▶ Work task
Within the listing below, please copy exactly the lines between the line holding "Béžové úpletové rebrované" and the line holding "D/A 방식은 서류인도가 먼저 이루어지고, 대금은 일정기간 이후에 지급됩니다.", inclusive.

[[ Given entries, beginning ]]

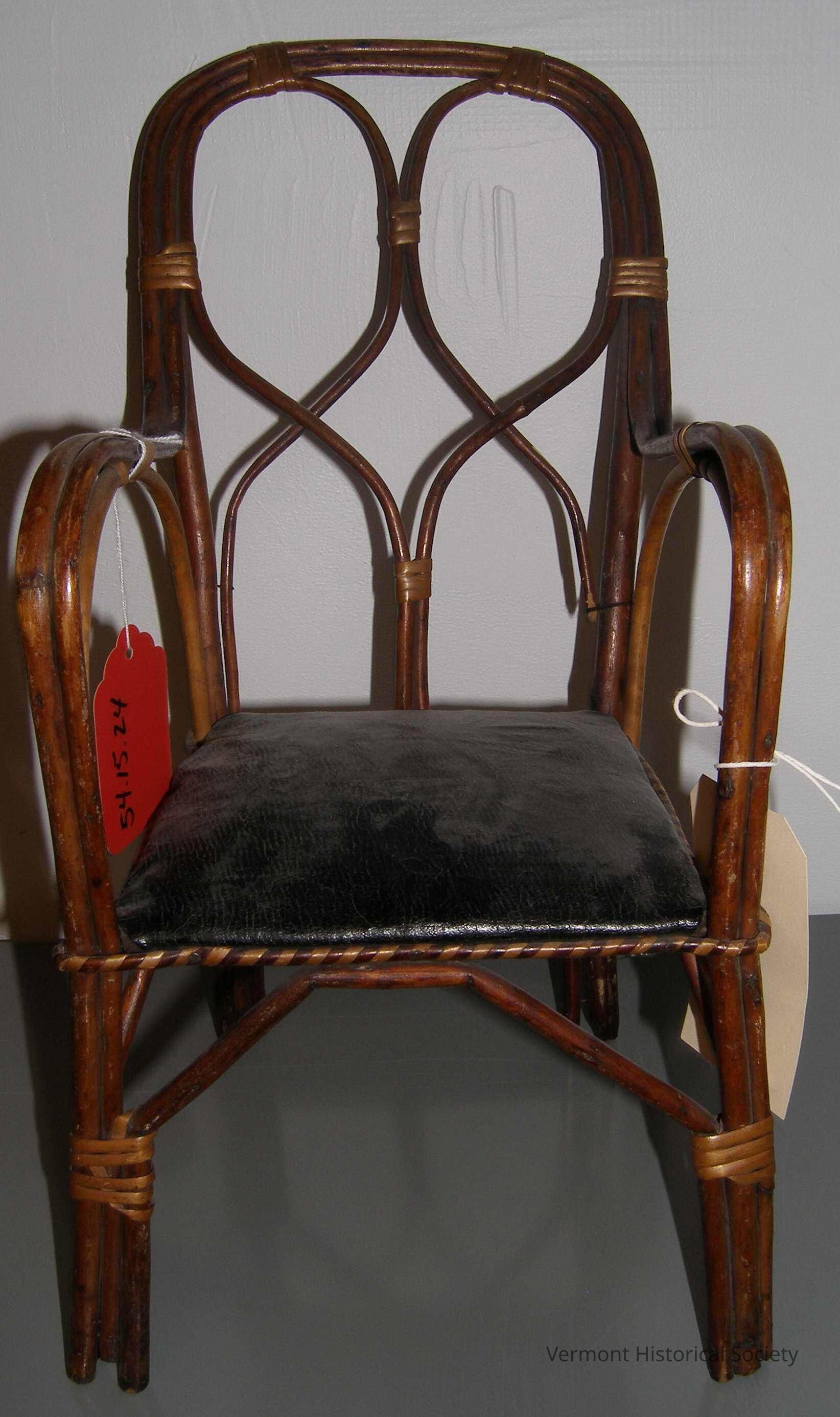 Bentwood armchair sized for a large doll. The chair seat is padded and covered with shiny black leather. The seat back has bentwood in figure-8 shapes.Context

[[ Given entries, end ]]
[[ Given entries, beginning ]]

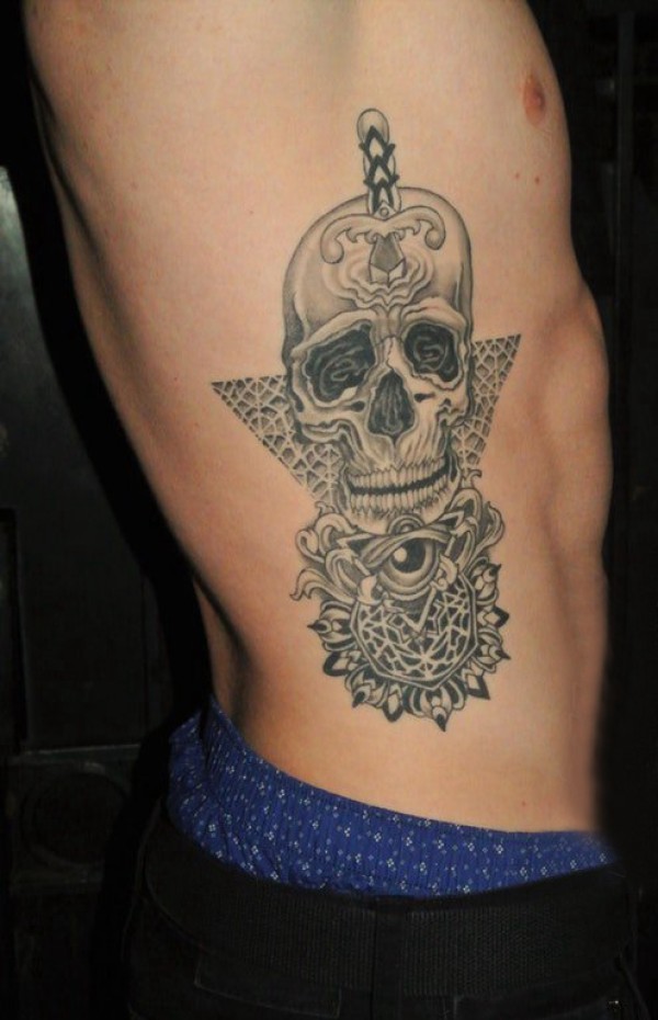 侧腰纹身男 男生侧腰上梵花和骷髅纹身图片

[[ Given entries, end ]]
[[ Given entries, beginning ]]

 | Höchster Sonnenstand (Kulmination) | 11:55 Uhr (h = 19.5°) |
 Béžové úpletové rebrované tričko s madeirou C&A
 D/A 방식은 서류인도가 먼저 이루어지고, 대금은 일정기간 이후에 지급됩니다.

[[ Given entries, end ]]

▶ Exercise response
 Béžové úpletové rebrované tričko s madeirou C&A
 D/A 방식은 서류인도가 먼저 이루어지고, 대금은 일정기간 이후에 지급됩니다.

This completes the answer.